(Beginning of Dataset)

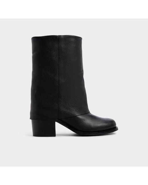 Supple black leather wraps a streamlined mid-calf shaft, and the quietly bold block heel gives solid, all-day lift so coffee-run strides, corridor turns, and after-hour detours feel effortless and surefooted. Pair with tailored pants for presentation mornings, or slip alongside a sweater dress when park walks shift into candlelit tapas. - ALDO. Color: Black. 7.
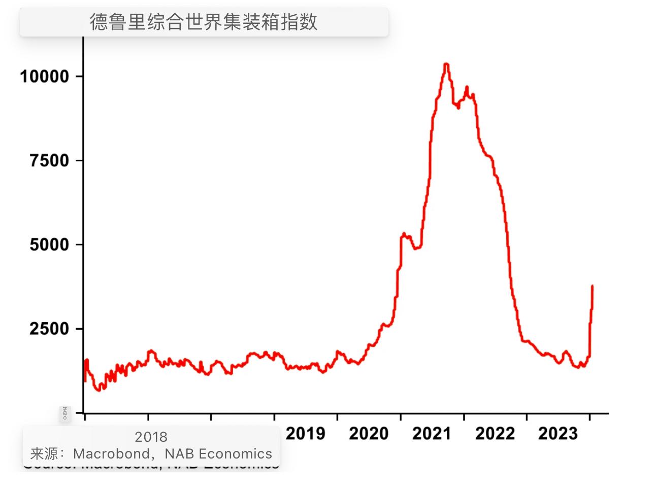 “最近对通过红海和苏伊士运河的航运的中断导致运费飙升,如果持续下去,将加剧全球通胀,并已造成一些工厂中断。”
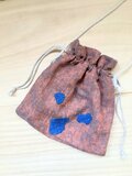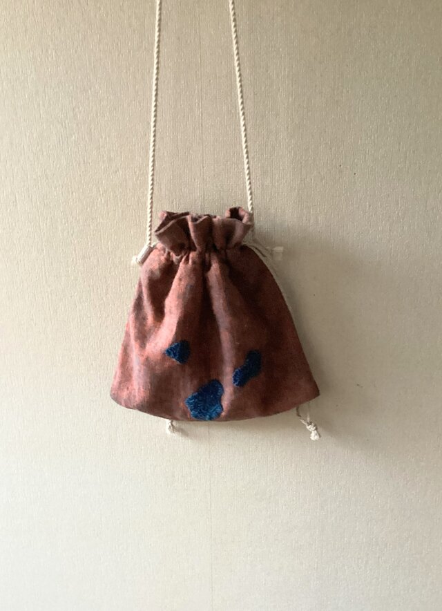 アップされて直ぐに目にとまりました!起毛リネンは初めてでしたが、草木染めの糸の色調と良く合って、手触りも含めて優しい雰囲気を感じました。癒される巾着です!一本の木のお色使いがとってもオシャレで額絵のようです!糸を重ねることによる陰影を見て色々空想して楽しんでいます!この度もアートなお作品を頂き本当にありがとうございました!嬉しすぎます!
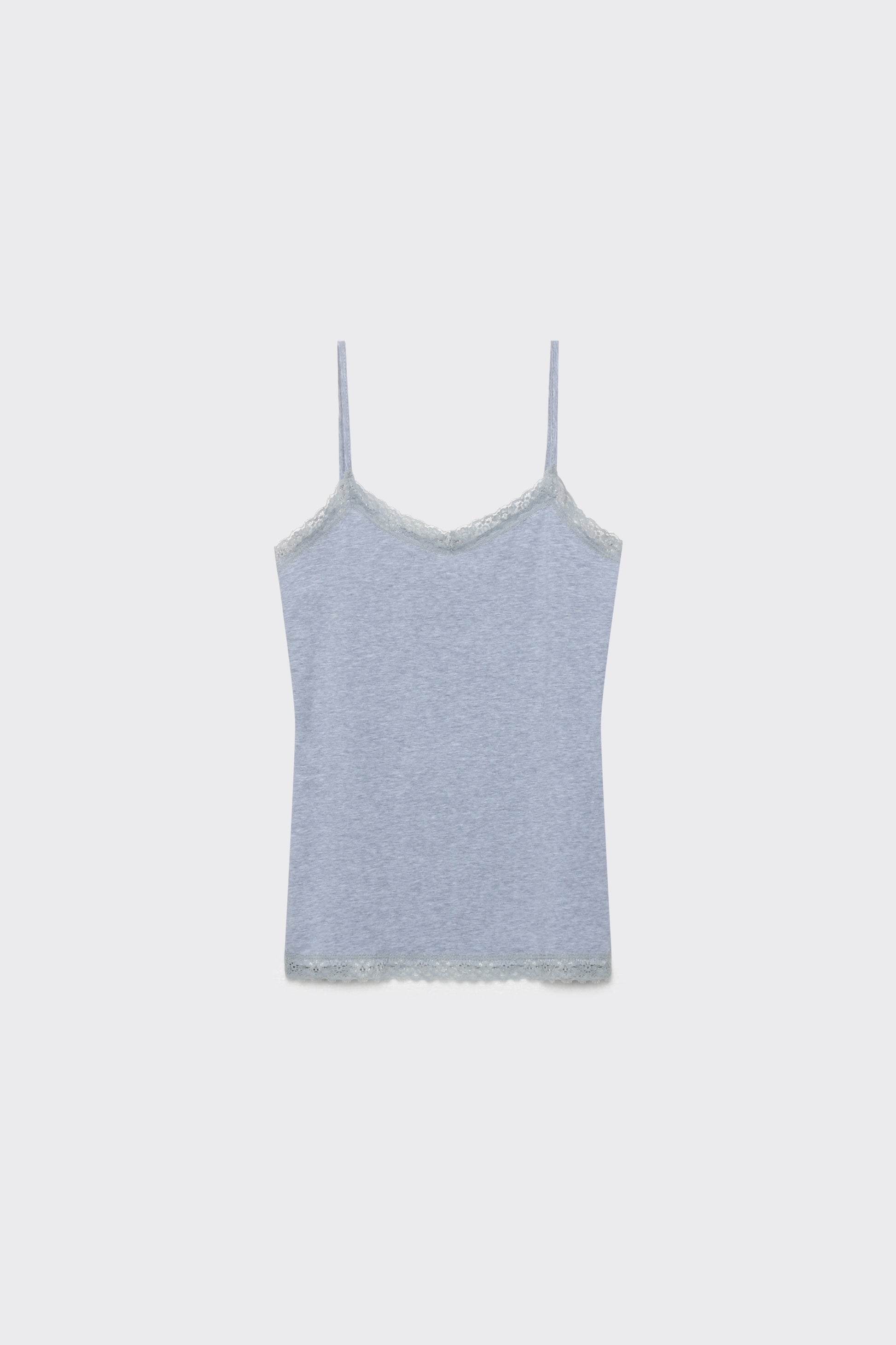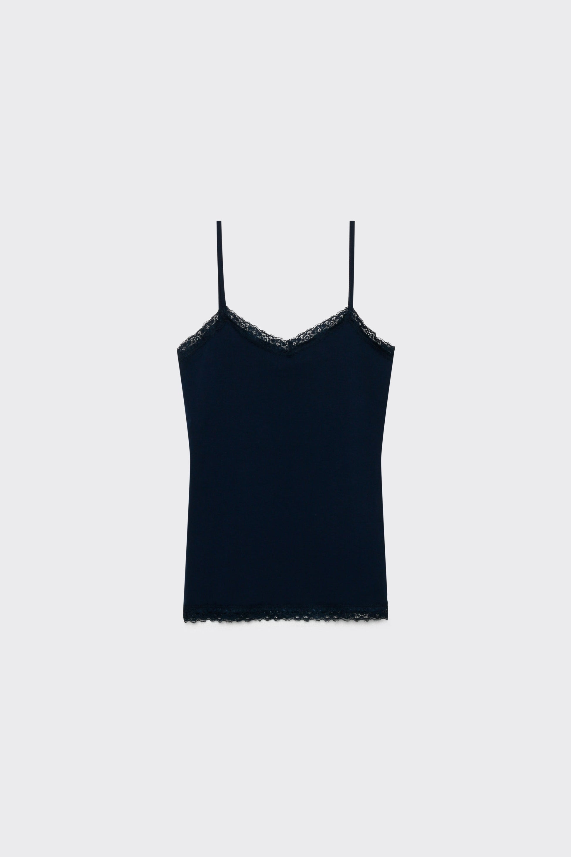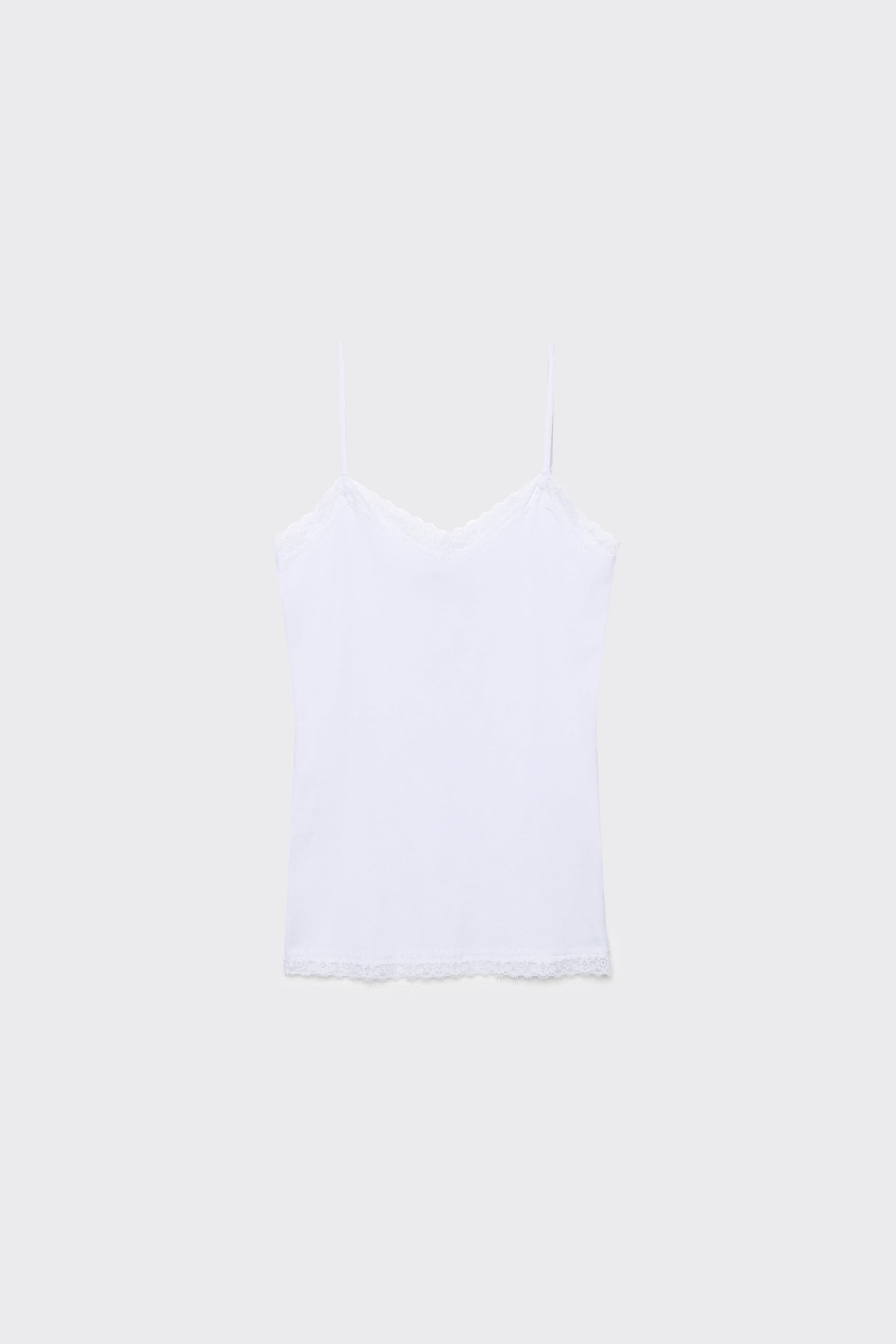 Tejido mezcla de algodón. Diseño recto. Diseño básico. Diseño ajustado. Tirantes finos. Acabados con encaje. Talla modelo: S. Altura modelo 1,65 m.
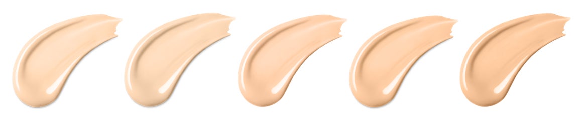 “今回、色補正効果をもたらすため、それぞれのシェードに適量のカラーピグメントを加えています。ライトトーンには、クマを補正するピンクを少し、ミディアムトーンには、影の落ちる部分を明るくするピーチを少し、ダークトーンには、紫クマを和らげるイエローを少し加えました。”
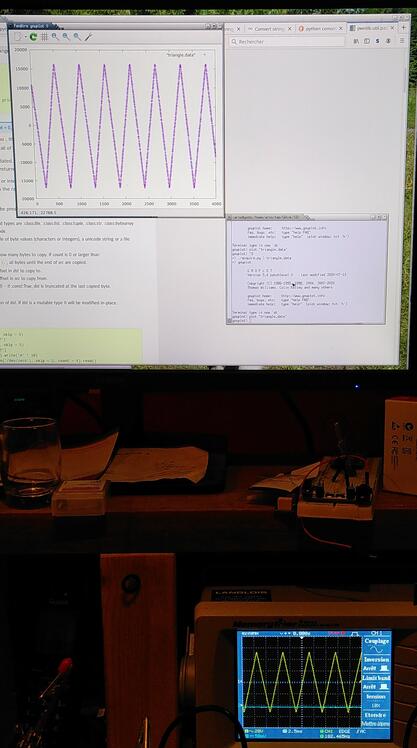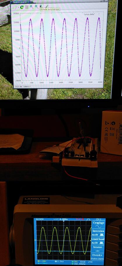 Après un petit travail cosmétique, gnuplot affichera des courbes similaires à ce qu’on voit sur l’écran. La figure 24.5 montre un signal sinusoïdal sur l’écran de l’oscilloscope et sur l’écran de l’ordinateur.
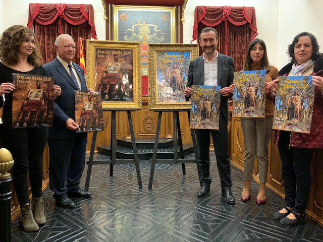 El alcalde, Carlos González, la concejala de Fiestas, Mariola Galiana, y el concejal de Turismo, Carles Molina, han presentado en el Salón de Plenos del Ayuntamiento los carteles anunciadores de la Semana Santa y Domingo de Ramos 2020
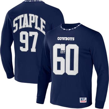 The Men's NFL x Staple Navy Dallas Cowboys Core Team Long Sleeve T-Shirt is a must-have for any devoted Dallas Cowboys fan. With screen-printed graphics, this shirt proudly displays your allegiance to the Dallas Cowboys and the NFL. Made from comfortable cotton, this long-sleeve t-shirt is perfect for game day or any day you want to show your support for the Dallas Cowboys.
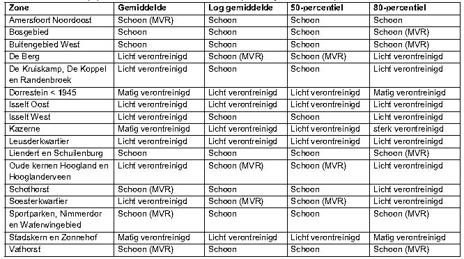 Voor het bestemmingsplan is als eerste met behulp van het bodeminformatiesysteem van de gemeente Amersfoort een inventarisatie uitgevoerd naar de bekende (mogelijke) gevallen van ernstige bodemverontreiniging in het betreffende plangebied. Binnen het plangebied is nog een aantal gevallen van (ernstige) bodemverontreiniging aanwezig. Plaatselijk zijn in het grondwater verhoogde gehaltes aanwezig van zware metalen.

(End of Dataset)

**Activity**
Quote exactly the lines from the line that contains "Tejido mezcla de" through the last line of the listing, please, leaving out all pictures.

**Output of the task**
 Tejido mezcla de algodón. Diseño recto. Diseño básico. Diseño ajustado. Tirantes finos. Acabados con encaje. Talla modelo: S. Altura modelo 1,65 m.
 “今回、色補正効果をもたらすため、それぞれのシェードに適量のカラーピグメントを加えています。ライトトーンには、クマを補正するピンクを少し、ミディアムトーンには、影の落ちる部分を明るくするピーチを少し、ダークトーンには、紫クマを和らげるイエローを少し加えました。”
 Après un petit travail cosmétique, gnuplot affichera des courbes similaires à ce qu’on voit sur l’écran. La figure 24.5 montre un signal sinusoïdal sur l’écran de l’oscilloscope et sur l’écran de l’ordinateur.
 El alcalde, Carlos González, la concejala de Fiestas, Mariola Galiana, y el concejal de Turismo, Carles Molina, han presentado en el Salón de Plenos del Ayuntamiento los carteles anunciadores de la Semana Santa y Domingo de Ramos 2020
 The Men's NFL x Staple Navy Dallas Cowboys Core Team Long Sleeve T-Shirt is a must-have for any devoted Dallas Cowboys fan. With screen-printed graphics, this shirt proudly displays your allegiance to the Dallas Cowboys and the NFL. Made from comfortable cotton, this long-sleeve t-shirt is perfect for game day or any day you want to show your support for the Dallas Cowboys.
 Voor het bestemmingsplan is als eerste met behulp van het bodeminformatiesysteem van de gemeente Amersfoort een inventarisatie uitgevoerd naar de bekende (mogelijke) gevallen van ernstige bodemverontreiniging in het betreffende plangebied. Binnen het plangebied is nog een aantal gevallen van (ernstige) bodemverontreiniging aanwezig. Plaatselijk zijn in het grondwater verhoogde gehaltes aanwezig van zware metalen.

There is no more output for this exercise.